Individual plan quality assurance was performed prior to treatment and was reviewed by a medical physicist. For intensity-modulated radiotherapy plans, quality assurance was performed with either a MapCheck2 device (Sun Nuclear Corp) or Varian Portal Dosimetry system (Varian Medical Systems Inc), an electronic portal imaging device on the linear accelerator. Quality-assurance software (RadCalc version 6.3; LifeLine Software Inc) was used as a second check of monitor unit calculations for nonmodulated radiotherapy plans. A passing quality-assurance score was defined as a minimum of 95% γ for a 3-mm distance to agreement and a ≤ 3% absolute dose difference for intensity-modulated radiotherapy plans and < 5% difference in monitor unit calculations for nonmodulated plans.

The following data were collected from the treatment planning system: dose to 99% of PTV; dose to 95% of PTV; near minimum (D98%) and near maximum (D2%) dose of PTV; dose to 50% of PTV; near minimum (D98%) and near maximum (D2%) dose to brain; volume of brain receiving 4, 8, and 10 Gy; dose to 1 cm3 of brain; dose to 0.1 cm3 of brain – (PTV + 2 mm); optic chiasm maximum point dose; and ears maximum point dose.

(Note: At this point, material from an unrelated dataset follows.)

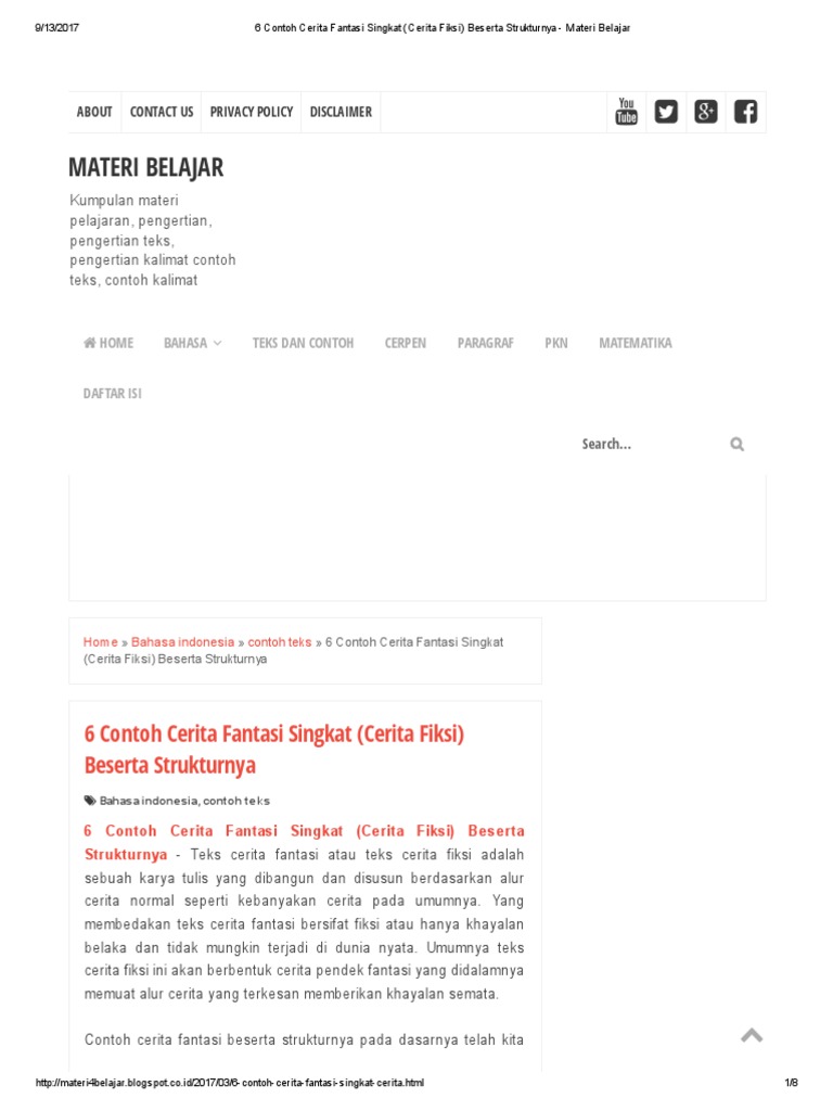 Contoh cerita fiksi pendek 1 paragraf. Contoh Resensi Novel Fiksi Pudarnya Pesona Cleopatra. Beberapa di antaranya adalah tanda baca jenis bacaan hingga seputar jenis-jenis paragraf. Contoh Cerita Fabel Kisah Buaya yang Serakah.

Conformity index and gradient index were retrospectively calculated as described by Paddick and Lippitz.36 The conformity and gradient indices were not used during treatment plan evaluation or approval and are reported to ensure completeness in reporting.

Radiation treatment

All treatments were delivered under general anesthesia within 2 weeks of CT simulation. Anesthesia protocols were not standardized, but all cats had IV catheters placed prior to anesthesia, and anesthetic protocols included injectable premedications, IV anesthetic drugs, endotracheal intubation, and maintenance of anesthesia with isoflurane gas. Clients were instructed to have the cat fasted and to administer half of the cat’s usual insulin dose on the morning of SRS. Once anesthetized, cats were positioned in the same immobilization devices used for CT simulation. Accurate and precise patient positioning was achieved via image verification with cone-beam CT images, compared with simulation CT images by matching bones of the skull. A robotic couch top (Protura robotic patient positioning system; Civco Systems) with the ability to move with 6 degrees of freedom was used to make position changes as needed for the match. Therapy was delivered by use of a linear accelerator (Novalis Tx Technology) with a high-definition (2.5-mm centrally located, 120-leaf) multileaf collimator.

Follow-up

Follow-up recommendations were not standard at our institution prior to December 2015. After that, we implemented the following follow-up recommendations: a complete blood glucose concentration curve 3 weeks after SRS, then monthly for the first 6 months after treatment; diabetes mellitus and adjustments in insulin dose to be managed by the referring veterinarian or an internal medicine specialist; recheck echocardiography 6 months after SRS; and thyroid function testing 3 and 6 months after SRS, then every 6 months thereafter.

Statistical analysis

Kaplan-Meier survival analysis (Prism version 8.1.2 for Windows; GraphPad Software) was performed. Overall survival time was defined as the number of days after SRS until death from any cause. Cats were censored from overall survival time analysis if they were still alive at the time of data analysis or lost to follow-up. In those cases, the date of the last patient follow-up was used for the overall survival time analysis.

Results

Patient population

Fifteen cats underwent SRS during the study period, but 1 cat was excluded because it had a pituitary gland tumor treated with SRS but did not have diabetes mellitus. For the cat that was excluded, presenting clinical signs included abnormal behavior described as staring into space and a lack of responsiveness to the owner. The remaining 14 cats met the criteria for inclusion in the study.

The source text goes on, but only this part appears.